- Exercise description
Nothing but the lines below from the one containing "metal barrel on" through the one containing "音の美術館vol.2 小田野" should appear in the answer, exact and without pictures.

- Material for this exercise
▬▬▬
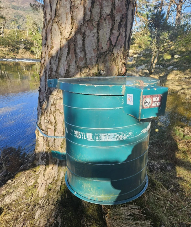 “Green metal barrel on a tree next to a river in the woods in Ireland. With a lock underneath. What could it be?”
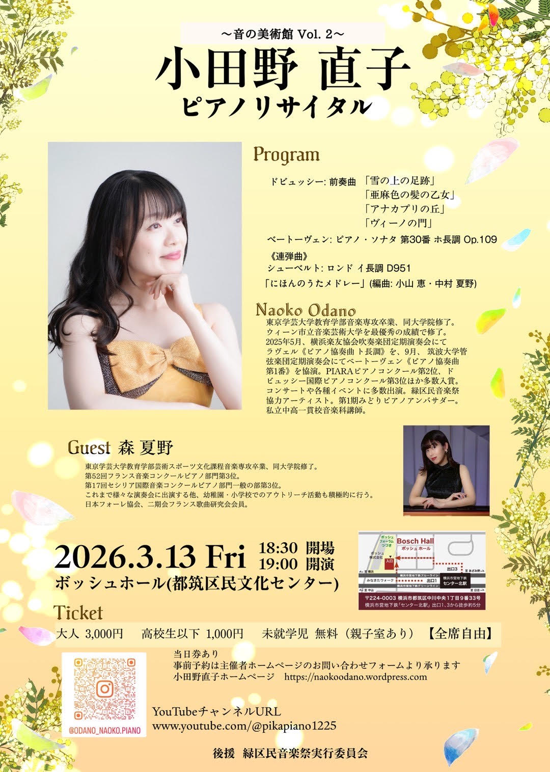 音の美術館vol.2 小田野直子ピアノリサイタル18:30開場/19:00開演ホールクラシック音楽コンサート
▬▬▬
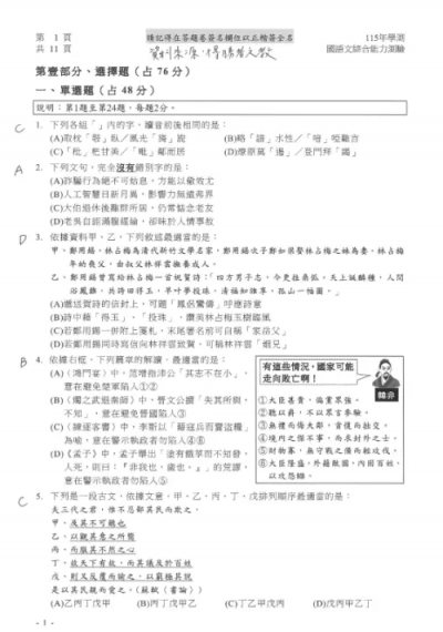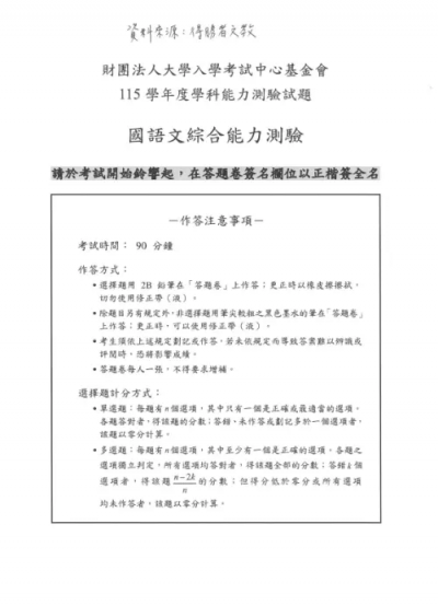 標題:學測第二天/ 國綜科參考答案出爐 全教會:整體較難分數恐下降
▬▬▬
- Answer
 “Green metal barrel on a tree next to a river in the woods in Ireland. With a lock underneath. What could it be?”
 音の美術館vol.2 小田野直子ピアノリサイタル18:30開場/19:00開演ホールクラシック音楽コンサート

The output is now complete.